** Description of the task **
Return the full listing unchanged, apart from leaving out its images.

** Provided material **
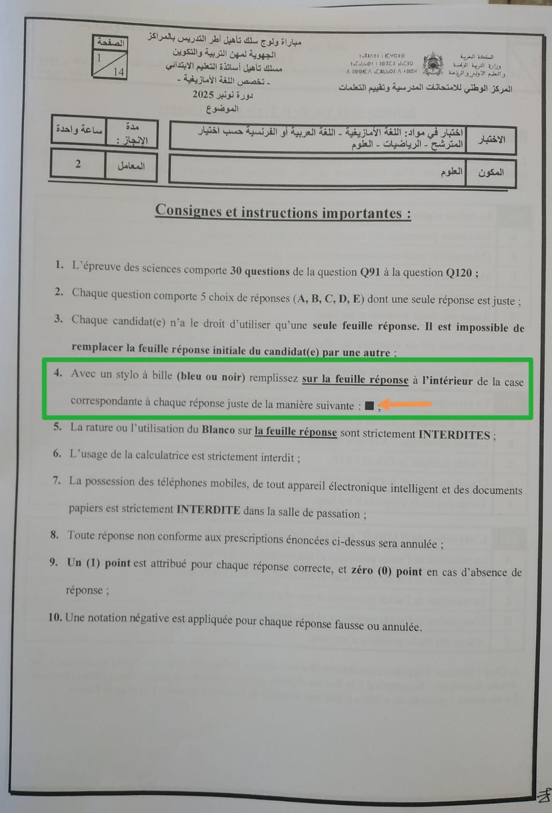شهدت مباراة توظيف أطر الأكاديميات دورة نونبر 2025 حالة ارتباك واسعة في صفوف عدد من المترشحين، بعد تضارب التعليمات المتعلقة بطريقة تأشير الإجابات في الامتحان، حيث ورد في ورقة الامتحان ضرورة “تلوين المربع” المخصص للإجابة بشكل كامل، في حين تنص ورقة الأجوبة على ضرورة “وضع علامة داخل المربع دون الخروج عنه”.
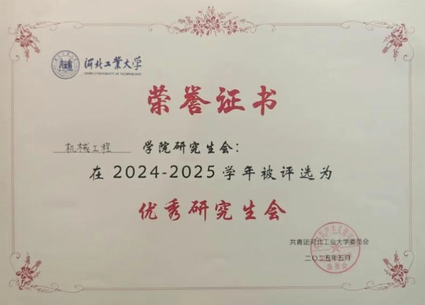 喜报|我院研究生会荣获河北工业大学2024-2025学年“优秀研究生会”称号
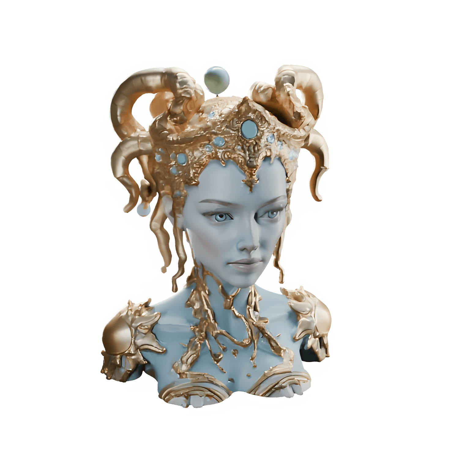 This stunning collection features three variations of a mystical queen or goddess design, perfect for collectors and fantasy enthusiasts! Each piece showcases intricate details with a beautiful blue and gold color scheme.

** Your response **
شهدت مباراة توظيف أطر الأكاديميات دورة نونبر 2025 حالة ارتباك واسعة في صفوف عدد من المترشحين، بعد تضارب التعليمات المتعلقة بطريقة تأشير الإجابات في الامتحان، حيث ورد في ورقة الامتحان ضرورة “تلوين المربع” المخصص للإجابة بشكل كامل، في حين تنص ورقة الأجوبة على ضرورة “وضع علامة داخل المربع دون الخروج عنه”.
 喜报|我院研究生会荣获河北工业大学2024-2025学年“优秀研究生会”称号
 This stunning collection features three variations of a mystical queen or goddess design, perfect for collectors and fantasy enthusiasts! Each piece showcases intricate details with a beautiful blue and gold color scheme.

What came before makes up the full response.